Гул
Шрифт:
... Странно, однако, допустить, что у кого-то могло возникнуть сомнение, якобы поезд, исправно претворявший ранее в жизнь предписанные ему обязанности вдруг, с какой-то стати, не довезёт своего пассажира до необходимой ему станции, якобы случится что-то ужасное, не оставляющее и возможности добраться до конечной цели своего путешествия... Вздор, полнейший вздор, само собой разумеется, что поезд довезёт, если не всех попутчиков вместе, то каждого в отдельности. В действительности, этого не могло статься по той причине, что ни один - в этом автор может поручиться - из подхваченных поездом, в тот вечер, ездоков не определил бы себя крохотным атомом цельного организма человечества, скорее, исполнителем главной роли самого себя в постоянном реалити - шоу. А ведь с потерей актёра, затерявшегося, без единой на то причины, в бесконечных подземных изгибах метрополитена - продюсеры, операторы, и прочие работники съемочной площадки лишатся постоянного заработка...
Геннадий, успевший занять свободное место, зайдя только в вагон подземного поезда, принялся тут же изучать окруживших его, необычных во многом людей, невидимых прежде в городе, в таком множестве (лишь иногда Гена встречал подобно странных ему граждан, о которых родители, его, успевали предупредить, как то "Не подходи к нему близко сынок"). Первым, на кого упал блуждающий Генин взгляд, явился сидящий прямо против него худощавый пожилой мужчина, чьё лицо было украшено седой эспаньолкой, бывшей наибольшим скоплением волос на шарообразном его лице,
Виктор Янович Ветший, коему случилось в тёплый майский вечер оказаться попутчиком нашего героя, был профессором филологического факультета, одного из многочисленных московских университетов (как он оказался в одном, отходящем из города NN, вагоне, с персоналией Геннадия - остаётся неразрешимой загадкой). Он, в тот день, был одним из тех, кто думал, и думал к тому же специально, невероятно много, соотносясь с измышлениями прочих гостей вечернего поезда. Он был, а впрочем остаётся и сейчас, тем представителем советской, прошедшей бесследно, эпохи, в чьём сознании бурым сургучом, в несколько слоёв, отпечатались мысли, относимые к различным сферам познания мира; газетным статьям, заголовкам, литературе, преподаваемой им до сих пор. Впрочем... автор, несмотря на всё сказанное выше, считает необходимым заглянуть в мысли хоть бы и одного из пассажиров поезда - более того, следующие измышления станутся ничуть не схожими, с какими либо другими, возможными в тот день (да и в любой другой), среди прочих пассажиров метро.

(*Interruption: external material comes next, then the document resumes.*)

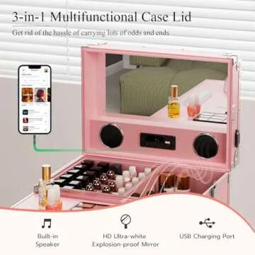 Icoget Portable Rolling Manicure Table for Nail Teach, Foldable Traveling Nail Desk w/Storage, Mobile Nail Table w/Audio and Mirror, Makeup Train Case Cosmetic Trolley, Pink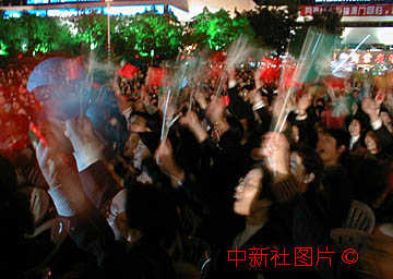 19日晚,珠海市舉辦多臺文藝晚會迎接澳門回歸,圖為九洲城市民在歡呼20日零時的到來。作者:蕭琨

Так, Виктора Яновича невероятным образом волновало в те минуты - хотя, вполне себе может быть, что это волнение не сознавалось им самим - одно устойчивое выражение, в коем профессор не мог заметить смысла, способного объяснить его частое использование.
"...Кесарю кесарево, а богу богово... Кесарю кесарево, а богу... Да это, позвольте, какой - то вздор. Само собой разумеется, что, будучи наполненной пастой чернильницей, невозможно сплясать гопак, да даже если и пустой. Невероятнейший вздор... Богово... А осьминогу - осьминогово! А асфальту, простите, асфальтово? Ну, само собой разумеется, что не кесарево, по асфальту ходят, это, если хотите, его прямое предназначение - быть обхаживаемым людьми... А древу - древово? Очевидно же, что дерево ни при каких возможных обстоятельствах не станет камнем, ему лишь остаётся до определённого момента расти, оказываясь после срубленным, любителями получать деньги из всего, что деньгами не является... Т - ий лес, бывший раньше любимым местом нашей молодости - сколько девчонок там выгуляно - теперь на треть вырублен, скорее на четверть, но нет, всё же на треть... Богу... удивительно даже подумать, что подобная сентенция способна кому то даровать прозрение, привести к катарсису, если угодно... Впрочем, я знавал людей, прочитавших в сорок лет Достоевского и поменявших свое мировоззрение в корне... А остальные - кого мне пришлось знать - вообще ничего не читали, вовсе... Скоро и Достоевского, сродни Шекспиру назовут мифом... И Пушкина Александра Сергеевича сочтут вымыслом... Гори, гори, мой талисман... или как это... Всё забыл, старость - не радость, склероз... Гори, гори моя звезда - точно... Кесарь... Понтий Пилат, да уж... А что же всё - таки такое - добро? Ведь, если я, скажем, не совершу какого- либо добра - это "несвершение" не станется злом... А вот, предположим, зашёл я в подъезд, и лежит передо мной пьяное грязное вонючее тело моего соседа Аркадия. А ведь он донимает каждую ночь своей дикой музыкой, или криками, пьяными возгласами компании своих друзей - свиней. Так вот я, в силу воспитания своего, не пну этого урода, даже если очень захочу - не смогу. Так это же не будет добром - не будет... Но что же тогда есть пустота, или же вещество заполняющее эту пустоту, которое ни добром, ни злом назвать нельзя... Богу - богово... Дикобразу - дикобразово... " - следующие же мысли Виктора Яновича приобрели состояние невозможного к описанию на листе сумбура, тем более что он поднялся уже со своего седалища, приготовившись к выходу из вагона, чувствуя, вероятно, приближавшуюся остановку.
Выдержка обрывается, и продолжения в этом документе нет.